Interplanting in one field may be either done by seeding or transplants of the pollenizer and triploids. Various interplanting methods can be used, as known in the art and various ratios of pollenizer : triploid hybrid may be used. One row of pollenizer plants may for example be present at least every 2, at least every 3 or at least every 4 rows of triploids, but other methods of interplanting may also be used.
Any triploid hybrid may be used, such as known triploid hybrid varieties.
Pollination is usually done by bees, and bee hives can be provided to the fields unless sufficient wild bees are naturally present. Pollination can also be performed by manual or mechanical means. Harvest at maturity may be done by hand or mechanized.
The diploid fruit may be distinguished from the triploid fruit based on the smaller fruit size of the diploid fruit, and/or alternatively by a different rind pattern. In one embodiment the rind of the diploid fruits according to the invention is not yellow or golden. Preferably harvested diploid and triploid fruit are placed into different containers. Thus, in one embodiment a container comprising solely small diploid fruits according to the invention is provided. Any type of container may be used, e.g., cartons, boxes, etc.

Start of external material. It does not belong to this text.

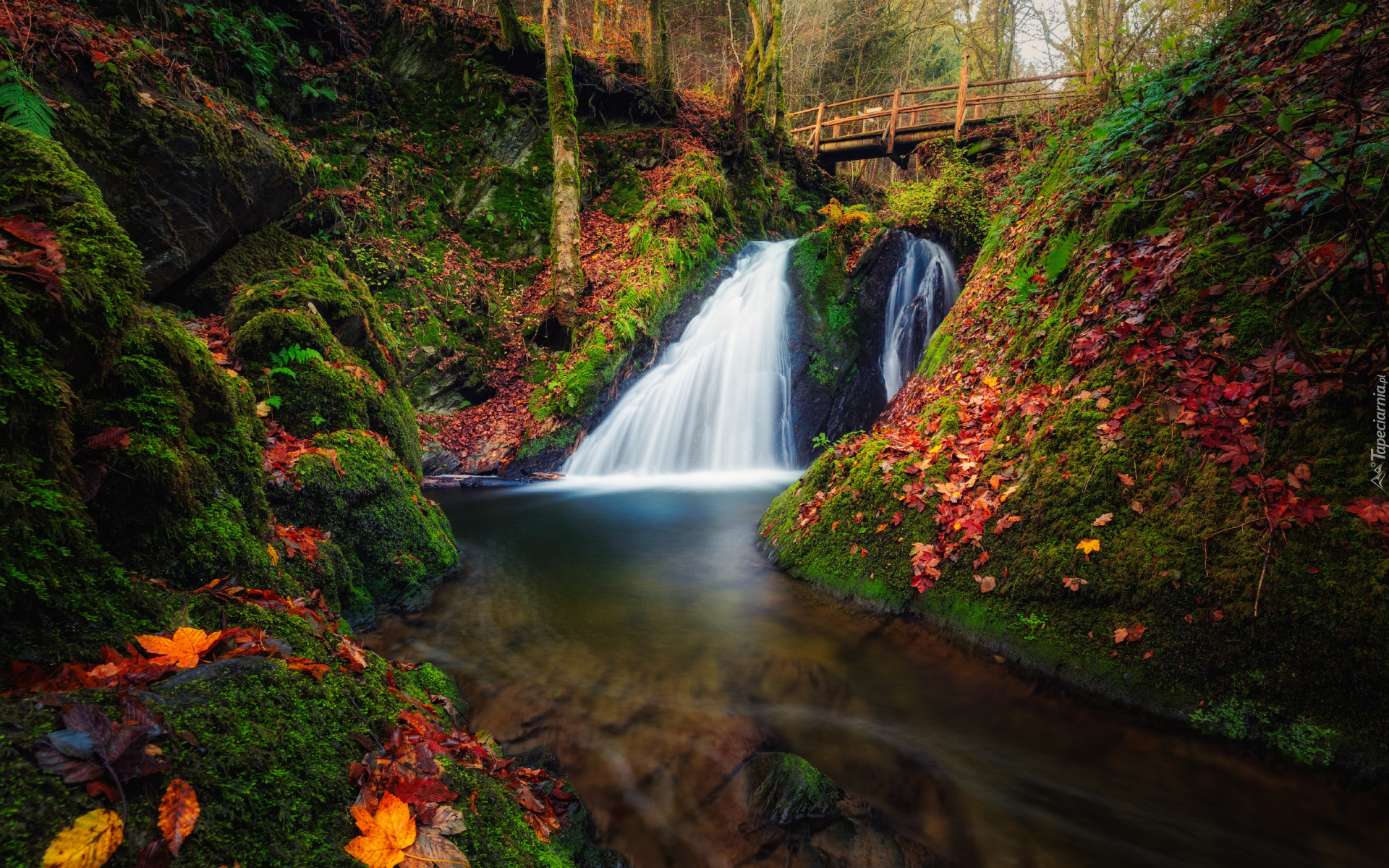 Edytor tapety: Most nad wodospadem wpadającym do rzeki jesienią

Also a method for producing small diploid watermelon fruits having an average weight of less than 1.8 kg, 1.7 kg, 1.0 kg, 0.9 kg, 0.8 kg, 0.7 kg, preferably equal to or less than 0.65 kg (but in one embodiment larger than 0.25 kg), is provided comprising:
a) growing a diploid watermelon plant comprising the HMBN mutant allele and the ts-gene mutant allele, preferably both in homozygous form,
b) pollinating the female flowers of said plant with pollen of said plant, and
c) harvesting the fruits produced on said plant.
Thus, by self-pollination of a diploid plant described herein, small diploid fruits are produced comprising seeds in the fruits having an average seed length of equal to or less than 6.0 mm, preferably equal to or less than 5.5 mm or less. The plants described herein may be grown in a field without other watermelon plants being present, and the small diploid fruits may be harvested and placed in containers for transport. Step (b) may be performed by allowing insect pollination or any other means of pollinating.

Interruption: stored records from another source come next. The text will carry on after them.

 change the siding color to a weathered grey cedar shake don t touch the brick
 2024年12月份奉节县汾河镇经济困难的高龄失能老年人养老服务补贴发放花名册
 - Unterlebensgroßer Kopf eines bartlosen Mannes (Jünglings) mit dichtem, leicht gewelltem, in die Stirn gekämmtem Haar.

In one embodiment, a diploid plant (or a seed from which the plant can be grown) capable of producing small diploid fruits having an average weight of less than 0.9 kg, 0.8 kg, 0.7 kg or equal to or less than 0.65 kg (but in one embodiment larger than 0.25 kg) is provided, wherein a representative sample of seed containing the genetic elements for producing said small fruits comprising seeds having an average seed length of equal to or less than 6.0 mm, i.e., comprising the HMBN mutant allele and the ts-gene mutant allele in homozygous form has been deposited under accession number NCIMB 41773 (WH9307), or accession number NCIMB 42704 (WH9716).

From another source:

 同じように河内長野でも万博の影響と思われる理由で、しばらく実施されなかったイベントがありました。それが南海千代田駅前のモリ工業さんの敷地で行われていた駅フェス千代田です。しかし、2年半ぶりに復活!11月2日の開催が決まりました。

Pollenizer hybrids WH9307 and WH9716 comprise the genetic elements for producing said small fruits with an average seed length of equal to or less than 6.0 mm (i.e., comprising the HMBN mutant allele and the ts-gene mutant allele) and a representative sample of seeds have been deposited under accession number NCIMB 41773 and NCIMB 42704, respectively. Thus, when referring herein to seed deposits of watermelon plants, e.g., pollenizers, described herein, the plants are referred to as a representative plants according to the invention, but seeds of the other hybrids or lines are also suitable and when reference to WH9307 or WH9716 or progeny thereof (or parts of any of these) is made, the other hybrids or lines mentioned herein are equally implied, especially lines and hybrids retaining the combination of HMBN mutant allele and the ts-gene mutant allele (i.e., absence of SEQ ID NO: 1), preferably both in homozygous form.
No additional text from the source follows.